#### [PROBLEM]
Write out the lines below exactly, beginning at the one with "En elegant och" and stopping after the one with "denního světla zaručena"; the pictures are not copied.

#### [DATASET CONTENT]
----

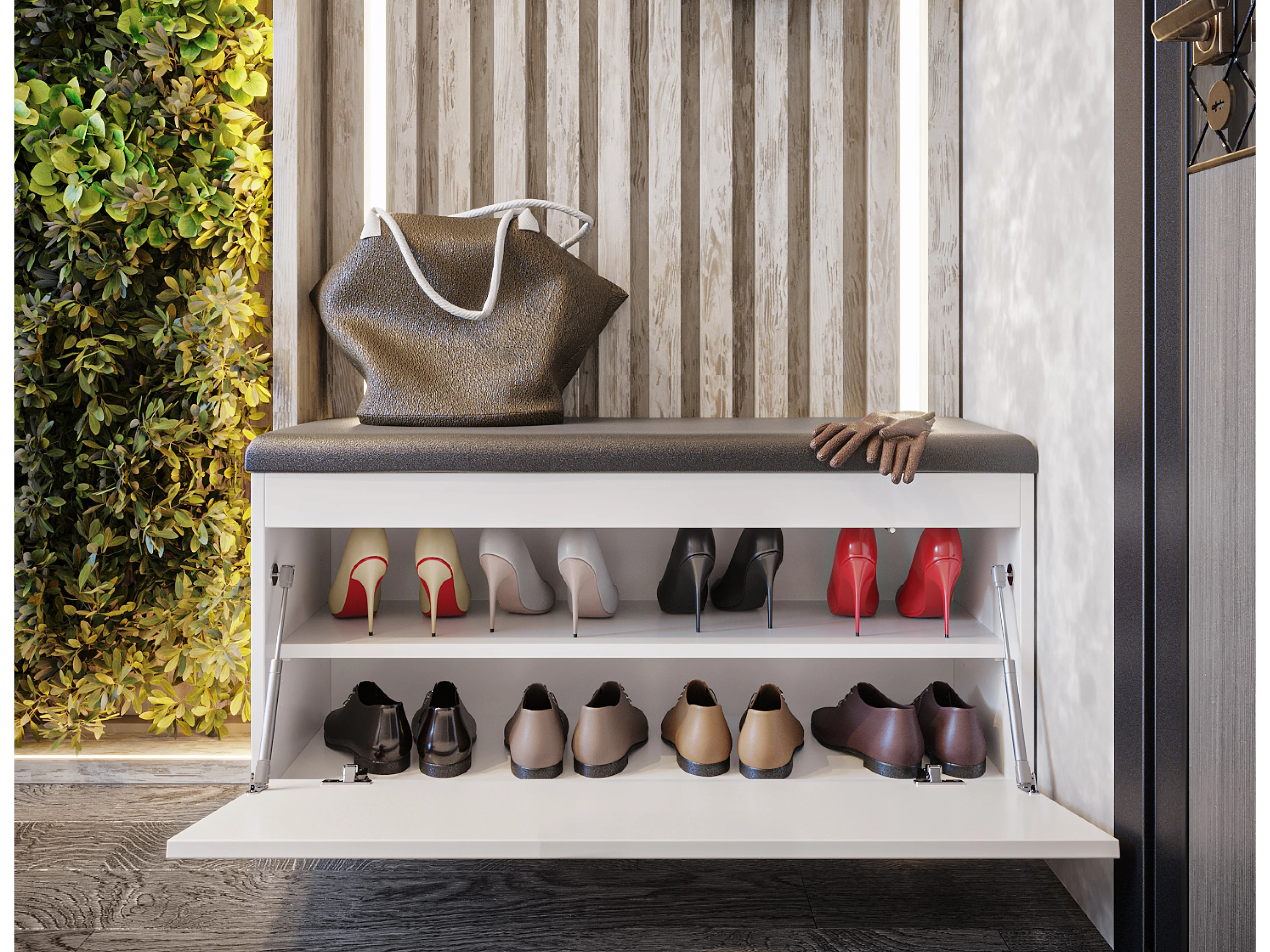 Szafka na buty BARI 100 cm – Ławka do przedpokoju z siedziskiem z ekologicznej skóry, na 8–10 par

----

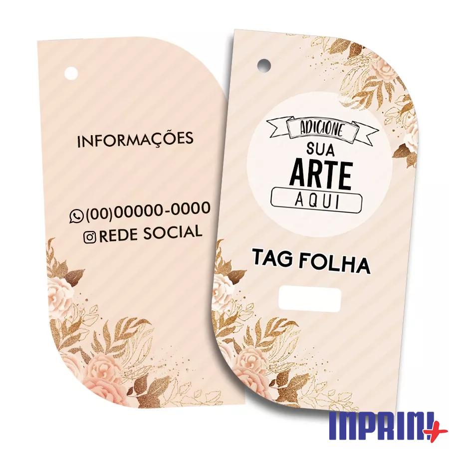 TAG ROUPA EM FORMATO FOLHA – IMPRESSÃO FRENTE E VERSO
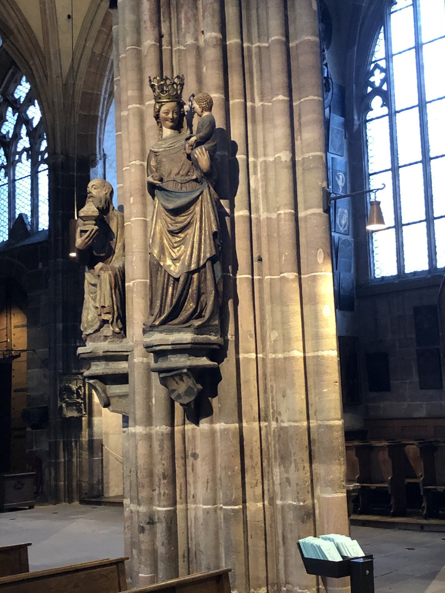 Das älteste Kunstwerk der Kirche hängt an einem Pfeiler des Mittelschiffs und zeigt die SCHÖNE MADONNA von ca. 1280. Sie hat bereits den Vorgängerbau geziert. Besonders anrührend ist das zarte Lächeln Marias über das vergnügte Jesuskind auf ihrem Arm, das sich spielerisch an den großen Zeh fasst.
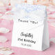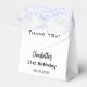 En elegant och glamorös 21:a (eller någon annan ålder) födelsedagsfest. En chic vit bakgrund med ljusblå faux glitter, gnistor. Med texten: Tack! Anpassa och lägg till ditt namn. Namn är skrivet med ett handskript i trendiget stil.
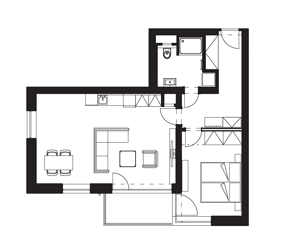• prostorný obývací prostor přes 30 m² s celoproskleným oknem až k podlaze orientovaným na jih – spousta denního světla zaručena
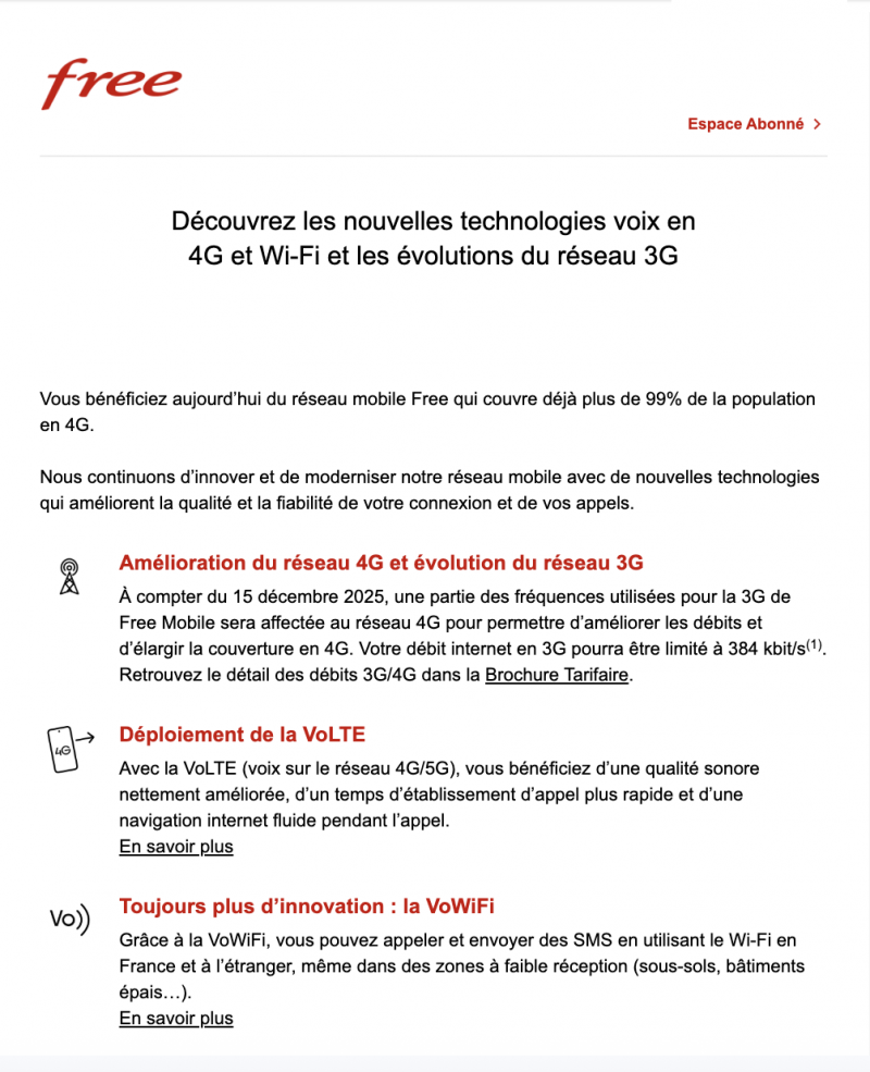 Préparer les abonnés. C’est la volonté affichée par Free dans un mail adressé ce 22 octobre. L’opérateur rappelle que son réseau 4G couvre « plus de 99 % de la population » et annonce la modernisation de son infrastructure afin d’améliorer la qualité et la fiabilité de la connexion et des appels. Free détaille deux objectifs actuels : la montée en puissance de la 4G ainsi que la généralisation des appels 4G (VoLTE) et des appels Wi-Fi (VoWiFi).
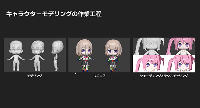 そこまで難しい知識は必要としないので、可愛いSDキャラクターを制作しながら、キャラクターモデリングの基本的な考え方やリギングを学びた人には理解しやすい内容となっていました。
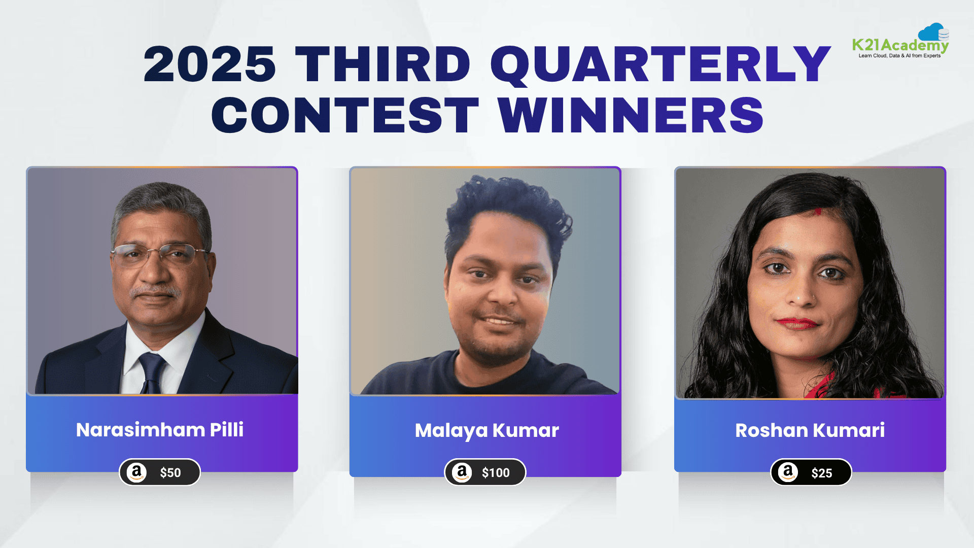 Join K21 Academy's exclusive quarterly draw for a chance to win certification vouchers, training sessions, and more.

----

#### [EXERCISE RESPONSE]
 En elegant och glamorös 21:a (eller någon annan ålder) födelsedagsfest. En chic vit bakgrund med ljusblå faux glitter, gnistor. Med texten: Tack! Anpassa och lägg till ditt namn. Namn är skrivet med ett handskript i trendiget stil.
• prostorný obývací prostor přes 30 m² s celoproskleným oknem až k podlaze orientovaným na jih – spousta denního světla zaručena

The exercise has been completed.